Task item: Output, exactly as written, the lines below from the one that has "BRIXTON Slamnati klobuk" through the one that has "MESAS DE ACERO"; nothing else, and no pictures.

Task input:
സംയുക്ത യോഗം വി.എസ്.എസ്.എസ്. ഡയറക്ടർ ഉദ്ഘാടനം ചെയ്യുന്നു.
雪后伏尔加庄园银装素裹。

---

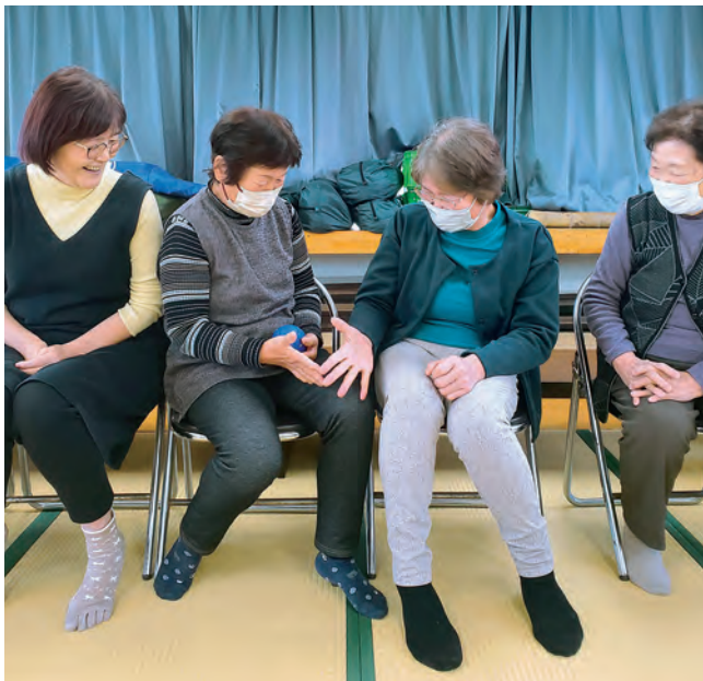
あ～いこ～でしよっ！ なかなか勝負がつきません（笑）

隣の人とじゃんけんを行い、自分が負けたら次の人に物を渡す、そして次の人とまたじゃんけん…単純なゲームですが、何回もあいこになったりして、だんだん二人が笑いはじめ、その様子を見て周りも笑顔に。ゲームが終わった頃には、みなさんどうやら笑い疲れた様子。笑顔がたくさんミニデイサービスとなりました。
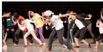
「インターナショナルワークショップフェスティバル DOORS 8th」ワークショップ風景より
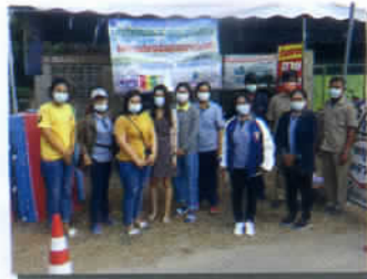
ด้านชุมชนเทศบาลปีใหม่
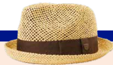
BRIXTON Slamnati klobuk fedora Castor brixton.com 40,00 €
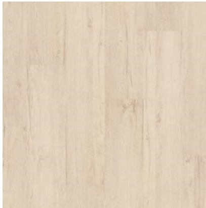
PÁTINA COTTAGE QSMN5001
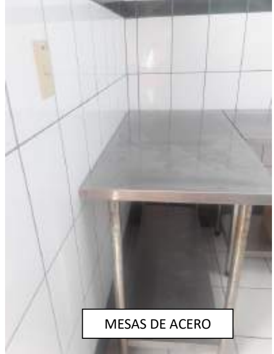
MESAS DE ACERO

Result of the task:
BRIXTON Slamnati klobuk fedora Castor brixton.com 40,00 €
PÁTINA COTTAGE QSMN5001
MESAS DE ACERO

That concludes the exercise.